Only time will tell if there is validity to this concern. There is little doubt that Campath destroys T-cells of all persuasions immediately after its administration. Patients have to be on protective antibioitcs, anti-virals and anti-fungals during this period of vulnerability. Even 12 months after completion of Campath therapy, various T-cell counts are at less than 25% of their pre-treatment levels. Now we are beginning to see further details to this T-cell recovery. In patients who are prone to autoimmune disease, as in MS patients, there may be a biased distribution of the T-cells that do recover after Campath therapy, a bias that works against T-reg recovery relative to killer T-cells and this may precipitate life-threatening ITP.
FDA Campath warning - ITP risk in MS patients
This FDA warning is now reflected in the “Black-box" warning on the Campath label.
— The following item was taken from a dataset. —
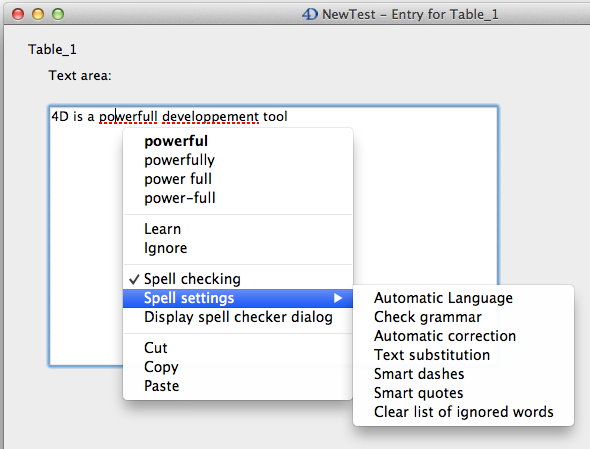 In 4D, spell-checking is applied continuously in text areas, with errors highlighted directly in the text with a dotted underline:

Black-box warnings are the highest form of FDA drug safety alert, and, because of their importance, usually appear at the top of a drug's package insert, or label. Typically the black-box warning brings attention to serious side effects associated with the drug and provides guidance about how to minimize the risks of those side effects. Right now the warning pertains only to use of Campath for multiple sclerosis patients. No such warning exists for CLL patients. Yet, the only reason why I even looked up this whole business is because three separate CLL patients wrote to me about their experience of ITP soon after Campath therapy. Until we have more definitive long-term surveillance data on this drug, this will have to remain in the realm of an interesting but unproven “coincidence”.
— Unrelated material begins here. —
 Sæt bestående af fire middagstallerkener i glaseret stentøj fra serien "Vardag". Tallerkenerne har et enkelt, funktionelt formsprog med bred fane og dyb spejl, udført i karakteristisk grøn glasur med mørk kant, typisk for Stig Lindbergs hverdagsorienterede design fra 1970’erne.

OK, we can see how in individuals prone to autoimmune disease (as in late stage CLL patients, or those who are prone to this problem from inception), getting rid of Tregs is not such a smart thing to do. But how about people with early stage CLL, or those that have shown no tendencies toward autoimmune disease? For these guys, would it help to swing the balance of power a little bit more towards the killer T-cells, take away some of the over-zealous regulatory powers of Tregs? Would that give us an immune system better able to seek and destroy cancer cells (CLL cells, incipient skin cancer cells, etc.) as well as better protection from pesky viral infections and other pathogens? The abstract below authored by experts from Mayo Clinic, explores this very issue.
Future Oncol. 2024 Jun;2(3):379-89.
Strong-arming immune regulation: suppressing regulatory T-cell function to treat cancers.
Knutson KL.
Department of Immunology, Mayo Clinic College of Medicine, 342C Guggenheim, 200 First St. SW, Mayo Clinic, Rochester, MN.
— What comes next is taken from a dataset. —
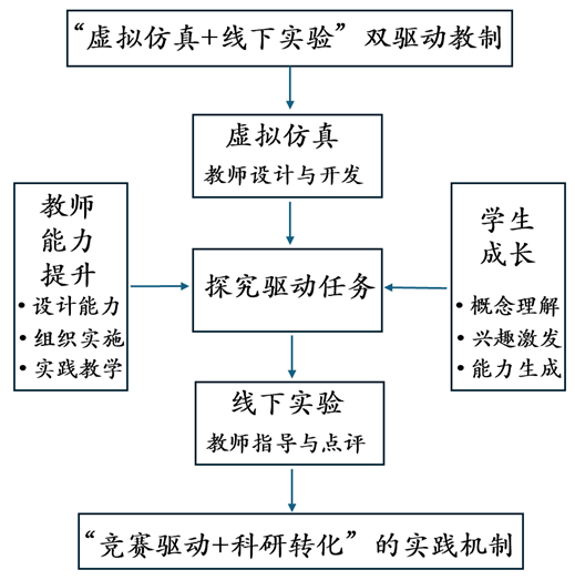 面向复合型人才培养需求,工作室鼓励青年教师开展探究式实验教学改革,构建“虚拟仿真+线下实验”双驱动教学模式,强化实验教学的实践导向与创新特性:

In recent years there has been an accelerated understanding of immune regulatory mechanisms. Much of this immune regulation is linked to a collection of specialized regulatory cells of the T-cell lineage (Tregs). This collection consists of Tregs that are either thymically derived or peripherally induced. Tregs are important for controlling potentially autoreactive immune effectors and immune responses to foreign organisms and molecules. Their importance in maintaining immune homeostasis and the overall health of an organism cannot be overstated. However, there is a dark side, and Tregs may also be involved in the pathogenesis of malignancies. Evidence shows that tumors induce or recruit Tregs to block antitumor effectors. Thus, there are efforts underway to identify approaches that specifically inhibit the function of intratumoral Tregs, which could lead to increased immunity to tumors without off-target immune-related pathologies (i.e., autoimmune disease). In this review, the biology of Tregs is discussed along with their involvement in malignancies and emerging strategies to block their function.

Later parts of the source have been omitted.